私はブラック社会福祉法人にいるの巻15 精神病院でヒラメの正体をみた その2

(私はブラック社会福祉法人にいるの巻14の続き)
「彼」を大きなワゴン車に車椅子ごと入れ、鬼がわらと私は車の中でヒラメと彼の妻を待っていた。30分ほど経った頃、彼の疲労を心配した鬼がわらが「私、ちょっと見てくるわ」と言って出て行った。ほどなく戻って来ると「奥さんが説得されているみたいで話しかけられる雰囲気ではなかった」と言い、車のシートにどさりと坐った。1時間くらい経ち、今度は私が病院の中に入って行った。「処方箋に時間がかかるようなら、〇〇さんが疲れているようなので先に施設に連れて帰りますが」と言うと、ヒラメは不機嫌そうに「待っていて」と言った。

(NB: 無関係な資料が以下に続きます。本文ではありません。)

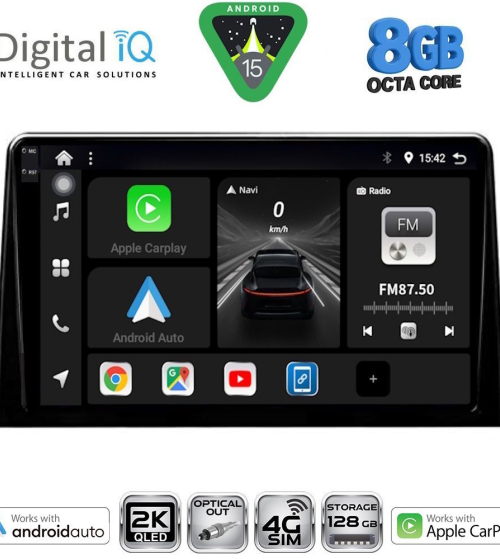 Το Apple CarPlay απαιτεί iPhone 5 ή νεότερο με την πιο πρόσφατη έκδοση του iOS.[/vc_column_text][/vc_column_inner][/vc_row_inner][/vc_column][vc_column width="1/2"][vc_row_inner][vc_column_inner width="1/4" padding_top="20px"][vc_single_image source="external_link" external_img_size="115x32" alignment="center" css_animation="zoomIn" custom_src="https://digitaliq.gr/wp-content/uploads/2024/10/Android_auto-Logo_certified_115.jpg"][/vc_column_inner][vc_column_inner width="3/4"][vc_custom_heading text="WIRELESS ANDROID AUTO" font_container="tag:h5|text_align:left" custom_heading_font_weight="600"][vc_custom_heading text="Licensed & Certified Android Auto" font_container="tag:h6|text_align:left" custom_heading_font_weight="500"][vc_column_text]Επεκτείνει την πλατφόρμα Android στο αυτοκίνητο με τρόπο που έχει σχεδιαστεί ειδικά για την οδήγηση και σας φέρνει αυτόματα χρήσιμες πληροφορίες και τις οργανώνει σε απλές κάρτες που εμφανίζονται ακριβώς όταν τις χρειάζονται. Έχει σχεδιαστεί για να ελαχιστοποιεί την απόσπαση της προσοχής, ώστε να μπορείτε να παραμένετε συγκεντρωμένοι στο δρόμο μπροστά σας.

車に戻ると彼は静かに座っており、興奮した様子もない。私はさきほど診察室で彼が言っていた「右足を苛めた失礼な奴、裏表ある奴」は誰かと聞いてみた。彼は「Yだ」と言い、「あいつはひどい奴だ」と憤慨していた。確かにそやつの外面はすこぶるよろしい。ヒラメには特にビッグスマイルなので信じられないことだろう。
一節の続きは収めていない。